Paper --> Design choices, machine learning, and the cross-section of stock returns

Interesting Paper:

2 Likes

The findings generally support (with some exceptions) things I have observed:

  1. Expanding windows are usually the best choice.
  2. Regression methods outperform classification methods.
  3. Using excess returns relative to the "Market" as the target is crucial.

Regarding the last point, how do they define the "market"? Specifically, is it equal-weighted or cap-weighted?

I believe it is cap-weighted, and I wonder if this is one reason their findings differ somewhat from what many of us at P123 observe—namely, that adding micro-caps is not beneficial (in the paper but not in our experience).

The use of cap-weighting makes the impact of micro-caps on their definition of "market" negligible. This likely means there is considerably more noise in the excess returns of micro-caps, especially to the extent that their returns are not correlated with the cap-weighted "market."

While not proven, for P123 members who invest in micro-caps, using equal weighting for the universe is probably a better approach. In practice, this suggests that excess returns relative to cap-weighted benchmarks like the Russell 2000 or Russell 3000 may not be ideal for micro-cap or even all-cap strategies. At P123, even all-cap strategies tend to include many micro-caps and small-caps for various reasons, further emphasizing the potential limitations of cap-weighted benchmarks.

3 Likes

Summary:

Use relative strength as Target (3- 12-month, agree if you emphasize total return with about market risk)

use nonlinear ML models (agree, with Rank as a preprocessor)

use long(er) time frames to validate and test (agree)

Trend, Momentum, Beta, Analyst Earnings Revisions are most important factors (in this study --> agree on estimates revisions and momo)

"In contrast, post-publication adjustments, feature selection, and training sample size have minimal impact on the outperformance of non-linear models.

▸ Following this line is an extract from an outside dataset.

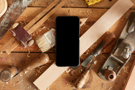 Big variety of equipments on wooden table, lot of tools on table, smart phone with blank screen in carpentry workshop, copy space for advertisement or promotional text.

These findings indicate that more complex machine-learning models require larger training datasets to robustly capture non-linearities and interactions in the data."

very interesting: This is pure gold, it means even after factor publication, non-lin MLs can squeze out alpha + they are good at selecting the most important factors...

agree --> best results in my AI models --> long training periods (with basic holdout 2004 - 2019 and then prediction training from 2014 - 2019, then OOS test with the predictor 2019 - today).

1 Like

Other findings (in general):

Small and micro caps -->
LightGBM does best (does well with sparce data!) + one needs to restrict the universe by selecting micro to small caps

Findings on big caps
Extratrees I to III does best

Best Features --> Small and Micro Cap Focus (does very well on small and big caps), Core: Sentiment (well on mid to big caps).

Using predictors that have been trained on one universe and then use it on another --> results are not good

2 Likes

Jrinne --> I agree on the small caps, in academic studies they "must" cap weight (just standard for a reason, they want to produce somewhat scalable models).

But then one does not capture the small size and low liquidity effect, which can be used for smaller accounts.

3 Likes